[time-nuts] Designing an embedded precision GPS time

Denny Page denny at cococafe.com
Wed Nov 1 13:15:43 EDT 2017

> On Nov 01, 2017, at 05:39, Attila Kinali <attila at kinali.ch> wrote:
> 6-10µs is the interrupt latency of linux on ARM SoC. I guess, to get
> below that you'd have to tweak the kernel a bit. Which should not
> be that difficult. Definitly simpler than writing your own IP and NTP
> stack from scratch.

Just tweak the Linux kernel a bit? No. You would have to a rewrite substantial chunks of it. A tremendous effort. Low latency and accurate timing is not what Linux is designed for. This has been discussed extensively for years.

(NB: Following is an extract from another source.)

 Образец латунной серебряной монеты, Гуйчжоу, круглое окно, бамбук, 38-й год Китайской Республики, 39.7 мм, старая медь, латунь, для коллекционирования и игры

Writing your own IPv4 datagram stack for ICMP and NTP is rather trivial. It’s all static state, you don’t have to deal with fragments, you don’t have to deal with options, etc. There really is very little you actually have to do. IPv6 is more work because you have to maintain some dynamic state (routing), process options, etc., but it’s still nothing near like trying to turn Linux into a real-time system.

> Spread spectrum can usually be switched off, though requires at least a
> custom DTB or even patching of the kernel. There are a few boards, though
> that do not allow spread spectrum to be switched off.

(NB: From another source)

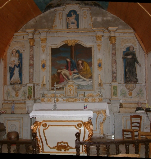 Maître-autel composé d'un autel, de deux gradins, d'un tabernacle, de deux colonnes en faux marbre sur stylobathes encadrant un tableau de la Pietà. Les travées gauche et droite reçoivent deux statues sur culots. Des motifs floraux sont peints sous les culots. Deux travées de côté sont composées de deux portes et deux gradins. La corniche reçoit un troisième niveau avec une statue. Associé au retable, un trompe l'oeil en forme de cul-de-four est peint sur le lambris.

Unfortunately is usually has to be done in the bios. The control space that would allow spread spectrum to be turned off is usually disabled prior to kernel load. For compliance, most bios implementations have removed spread spectrum as an option so you have to build a custom one. I can’t begin to tell you what kind of a chill comes over the conversation with a vendor (even a maker oriented one) when you tell them you want to create a custom bios to disable spread spectrum.